Intermediate Mathematics for Economists ECON3272.

Computer Assignment 1. Matrix Algebra
In this course the open-source software R is used for numerical exercises. R includes a line editor but it is more convenient to use R with RStudio.
R is available in the computer labs and you may download it freely from the web onto your PC (http://www.r-project.org/).
For the installation of R and RStudio see:
Torfs, P. and Brauer, C. “A (very) short introduction to R”, 3 March 2014.
(http://cran.r-project.org/doc/contrib/Torfs+Brauer-Short-R-Intro.pdf)
RStudio splits the computer screen into four windows:

Editor window
•    This window provides a text editor.
•    Click Run or press CTRL+ENTER to send a line to the consol window where it is executed.
•    You may edit and save the programs that you write in this window.     Workspace/history window
•    The workspace window shows the objects R has in its memory. You can edit their values by clicking on them.
•    The history window provides a protocol of what has been typed.
Consol (command) window
•    Commands are executed in this window.
•    You may write directly into this window using the line editor.     Plots/help/files/packages window
•    R sends plots to this window.
•    You may also use the help function, view files and install packages in this window.

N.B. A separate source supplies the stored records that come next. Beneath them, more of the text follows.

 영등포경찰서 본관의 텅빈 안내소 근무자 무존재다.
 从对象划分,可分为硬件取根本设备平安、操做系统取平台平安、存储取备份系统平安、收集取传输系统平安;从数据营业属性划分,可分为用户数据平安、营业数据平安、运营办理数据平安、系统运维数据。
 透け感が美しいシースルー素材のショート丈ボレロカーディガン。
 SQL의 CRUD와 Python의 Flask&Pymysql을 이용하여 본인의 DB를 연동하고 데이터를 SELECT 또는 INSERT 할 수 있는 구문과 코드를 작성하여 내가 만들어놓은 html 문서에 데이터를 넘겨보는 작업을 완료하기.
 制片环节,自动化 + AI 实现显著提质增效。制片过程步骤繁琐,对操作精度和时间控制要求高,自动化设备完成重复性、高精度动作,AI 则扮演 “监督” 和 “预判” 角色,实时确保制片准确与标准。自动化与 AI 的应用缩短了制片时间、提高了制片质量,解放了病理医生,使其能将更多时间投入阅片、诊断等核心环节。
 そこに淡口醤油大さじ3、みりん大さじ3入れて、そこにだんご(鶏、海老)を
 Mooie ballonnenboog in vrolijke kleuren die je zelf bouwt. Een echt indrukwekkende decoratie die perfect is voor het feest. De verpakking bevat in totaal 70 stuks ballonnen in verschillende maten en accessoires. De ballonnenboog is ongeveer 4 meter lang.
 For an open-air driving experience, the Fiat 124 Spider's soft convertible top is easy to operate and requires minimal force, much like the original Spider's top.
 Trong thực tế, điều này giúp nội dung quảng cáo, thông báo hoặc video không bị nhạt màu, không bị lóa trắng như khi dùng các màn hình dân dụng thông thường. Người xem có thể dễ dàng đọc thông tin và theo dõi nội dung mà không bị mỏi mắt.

A more detailed introduction to R can be found in:
Venables W.N. and Smith D.M. “An Introduction to R”, 16 April 2015.
(http://cran.r-project.org/doc/manuals/R-intro.pdf)

Data Input
Lines that start with # are comments that are ignored by R. Only copy the command lines without the comments.  R is case sensitive; that is, x and X or gdp and Gdp indicate different objects.

# Start R.
# Input the vectors x and h.

x <- c(4, 3, 2, 7)
h <- c(5, -3, 1, 7, -6, 8, 1, 9, -6, -4, 0, 2)

# The assignment operator <-, which looks like an arrow, assigns
# the value to the right of it to the name on the left. The two
# vectors are now objects in the workspace of R.

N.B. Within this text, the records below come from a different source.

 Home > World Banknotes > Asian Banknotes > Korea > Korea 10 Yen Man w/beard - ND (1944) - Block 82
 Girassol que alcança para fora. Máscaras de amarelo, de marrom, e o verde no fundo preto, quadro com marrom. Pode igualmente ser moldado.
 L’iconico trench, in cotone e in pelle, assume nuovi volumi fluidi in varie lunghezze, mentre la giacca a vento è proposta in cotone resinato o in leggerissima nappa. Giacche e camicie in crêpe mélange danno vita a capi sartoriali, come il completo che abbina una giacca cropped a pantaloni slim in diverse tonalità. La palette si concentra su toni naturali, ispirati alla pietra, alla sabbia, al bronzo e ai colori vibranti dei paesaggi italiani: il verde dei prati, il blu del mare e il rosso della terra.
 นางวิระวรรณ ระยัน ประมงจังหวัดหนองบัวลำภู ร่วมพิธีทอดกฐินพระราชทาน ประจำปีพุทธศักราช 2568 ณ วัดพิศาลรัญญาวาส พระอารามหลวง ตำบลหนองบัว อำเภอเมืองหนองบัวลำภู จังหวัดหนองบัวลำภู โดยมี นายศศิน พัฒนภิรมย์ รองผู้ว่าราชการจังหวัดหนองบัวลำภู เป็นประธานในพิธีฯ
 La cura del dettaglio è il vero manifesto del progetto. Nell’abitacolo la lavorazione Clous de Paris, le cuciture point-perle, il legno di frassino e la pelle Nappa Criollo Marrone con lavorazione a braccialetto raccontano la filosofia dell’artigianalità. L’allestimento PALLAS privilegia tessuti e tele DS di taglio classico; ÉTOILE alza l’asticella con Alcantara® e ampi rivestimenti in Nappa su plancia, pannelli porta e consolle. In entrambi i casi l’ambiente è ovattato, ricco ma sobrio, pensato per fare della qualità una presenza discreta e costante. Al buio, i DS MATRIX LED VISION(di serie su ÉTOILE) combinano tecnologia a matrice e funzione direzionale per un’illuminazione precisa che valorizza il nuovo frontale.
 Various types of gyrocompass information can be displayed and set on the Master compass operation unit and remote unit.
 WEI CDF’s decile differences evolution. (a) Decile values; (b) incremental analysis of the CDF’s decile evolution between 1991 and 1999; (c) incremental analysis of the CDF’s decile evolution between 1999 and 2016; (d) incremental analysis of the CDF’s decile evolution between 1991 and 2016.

# Rearrange the vector h into the 4×3 matrix A.

A <- array(h, dim=c(4,3))

# There are now three objects in the workspace. The following
# command shows the names of those objects.

objects()

# The output is
#    [1] “A” “h” “x”

# Remove the vector h from the workspace.

rm(h)
objects()

# The output is
#     [1] “A” “x”

# Show the two objects.

x; A

# The ouput is

#    [1] 4 3 2 7
#         [,1] [,2] [,3]
#    [1,]    5   -6   -6
#    [2,]   -3    8   -4
#    [3,]    1    1    0
#    [4,]    7    9    2

# Note that matrix A is filled with numbers column by column. The
# elements of a vector are always listed in a row.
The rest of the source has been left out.